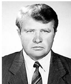
Kedves Kollégánkkal 8 évig dolgoztunk együtt az idősgondozásban.
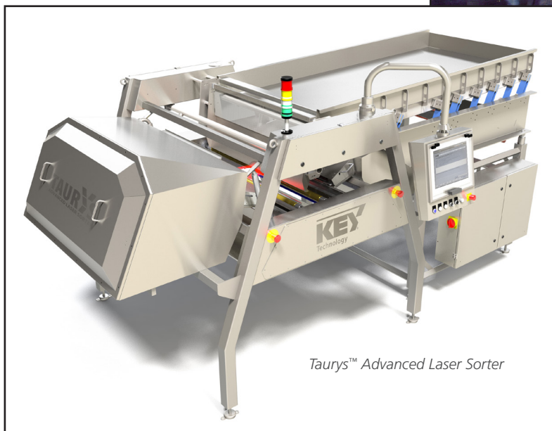
Taurys™ Advanced Laser Sorter

Las soluciones de clasificación alimentadas por conducto de Key son ideales para la verificación final de material extraño y de calidad de los vegetales congelados antes del empaque.
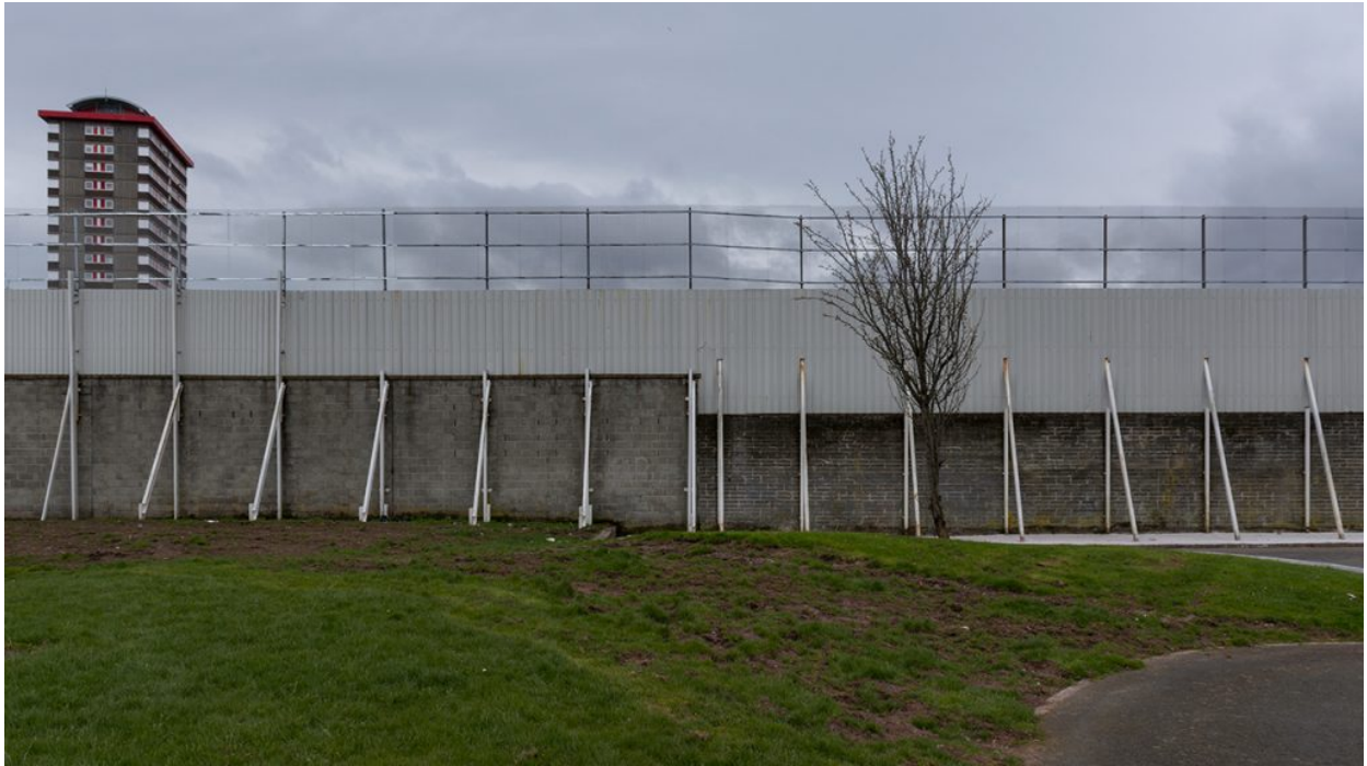
Mur a Beverly Street, al bastió unionista de Shankill.
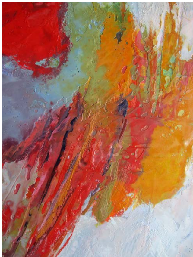
« Rouges primaires »

Artiste autodidacte, je réalise des peintures à la limite du figuratif et de l'abstraction lyrique. Au moyen de l'encaustique permettant des effets empâtés ou transparents, j'essaie de magnifier la nature environnante et valoriser des sujets d'une grande banalité comme les roches calcaires, les branchages ou les reflets sur l'eau.
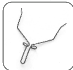
814-ET-114 Feder für Federaufnahme und Trägerhülse Feder
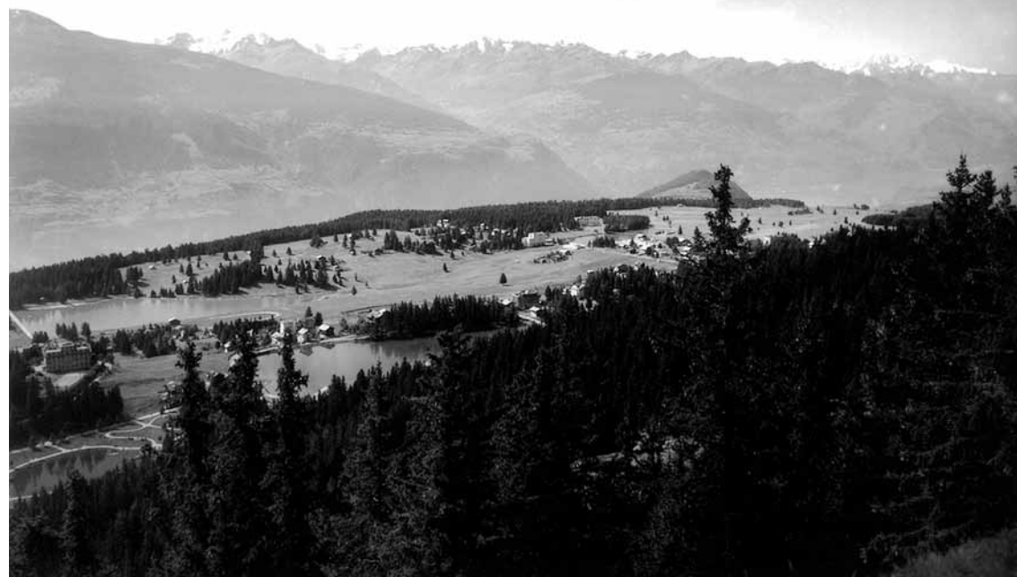
Crans-Montana, vers 1935.

SHVR SOCIÉTÉ D'HISTOIRE DU VALAIS ROMAND
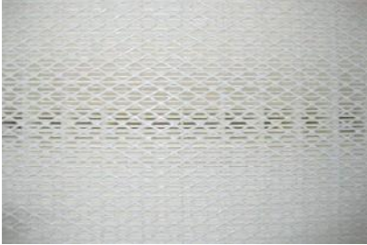
ULPA 15 filtre kartuşunun filtre ayrıntıları

◆ PROBLEM DESCRIPTION
With the pictures omitted, repeat the full set of records above exactly.

◆ YOUR RESPONSE
Kedves Kollégánkkal 8 évig dolgoztunk együtt az idősgondozásban.
Taurys™ Advanced Laser Sorter

Las soluciones de clasificación alimentadas por conducto de Key son ideales para la verificación final de material extraño y de calidad de los vegetales congelados antes del empaque.
Mur a Beverly Street, al bastió unionista de Shankill.
« Rouges primaires »

Artiste autodidacte, je réalise des peintures à la limite du figuratif et de l'abstraction lyrique. Au moyen de l'encaustique permettant des effets empâtés ou transparents, j'essaie de magnifier la nature environnante et valoriser des sujets d'une grande banalité comme les roches calcaires, les branchages ou les reflets sur l'eau.
814-ET-114 Feder für Federaufnahme und Trägerhülse Feder
Crans-Montana, vers 1935.

SHVR SOCIÉTÉ D'HISTOIRE DU VALAIS ROMAND
ULPA 15 filtre kartuşunun filtre ayrıntıları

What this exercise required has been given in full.